В ожидании проходит день-другой, но мы не теряем надежды. "Рама" находится в воздухе около получаса. Нам бы потребовалось десять пятнадцать минут, чтобы настичь ее, но мешают низкие облака. Плотные, тяжелые, они медленно ползут с юго-запада на северо-восток. Крупные капли дождя падают на землю.
Звонит телефон.
- Получено сообщение: "рама" в воздухе, - говорит Бланко. - Полетите?
- Да.
Делаем все, как условились. Сначала взлетает Ампилогов. Через минуту взлетаю я, не теряя его из виду. Винт моей машины разгоняет клочья облаков. Тупоносый И-16 идет впереди меня внизу, и поэтому враг его может не заметить, а меня, летящего выше и "открыто", враг должен увидеть. Идем по трассе Мценск - Орел.

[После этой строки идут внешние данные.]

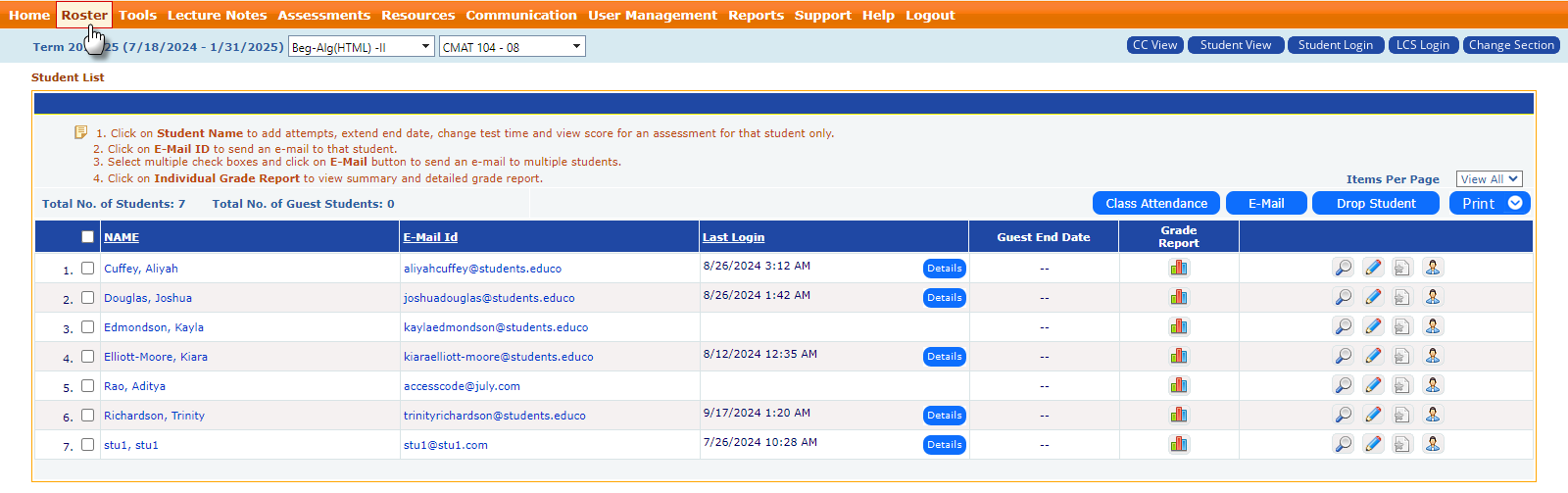 On the roster page, the instructor can take class attendance, email students, and remove students from the course, among other options.

Справа начинает серебриться Ока. Вдруг в просвете между темными облаками вижу небольшой самолет с двумя длинными тонкими фюзеляжами. Беру на несколько градусов влево, но фашист, у которого, вероятно, хорошая связь с землей, уже намеревается сделать свой всегдашний маневр, не догадываясь, что ниже его ждет сюрприз. Ампилогов задирает нос своего истребителя и стремительно набирает высоту; две точные пулеметные очереди прорезают "раму". Фашистский самолет загорается. Ампилогов поднимается еще выше и идет на сближение со мной. Я посылаю несколько пулеметных очередей в зенитную батарею противника, и мы оба на крутых виражах выходим из-под вражеского обстрела. Берем курс на Бориково. Видимость ухудшается, и я напрягаю зрение, чтобы разглядеть, что там под облаками. Еще десять минут полета, и я приземляюсь. Ампилогова пока нет.
- Где ты его потерял? - спрашивает меня майор Халютин, когда я вхожу в штаб.
Летели вместе. Я немного снизился над городом и потерял его среди облаков. Видимость там хуже, очевидно, из-за фабричного дыма.
Проходит несколько тревожных минут. Наконец слышим характерное для И-16 урчание мотора. Я вздыхаю с облегчением. Самолет Ампилогова низко проносится над нами, а затем свечой врезается в облака. Летчик начинает выделывать над аэродромом одну за другой фигуры высшего пилотажа.
- Какой прекрасный летчик Ампилогов! - говорю я майору Халютину. - А самолет?.. Отличная машина!
Майор бросает на меня негодующий взгляд. Детишки из деревни, женщины, работавшие в поле, свободные от дежурства бойцы, побросав свои занятия, смотрят в небо, любуясь мастерством летчика. Мы, испанцы, аплодируем ему. У нас в Испании была такая традиция: каждый раз после сбитого фашистского самолета пилот, радуясь своей победе, выделывал над летным полем фигуры высшего пилотажа. А сейчас майор Халютин смотрел на самолет Ампилогова с негодованием.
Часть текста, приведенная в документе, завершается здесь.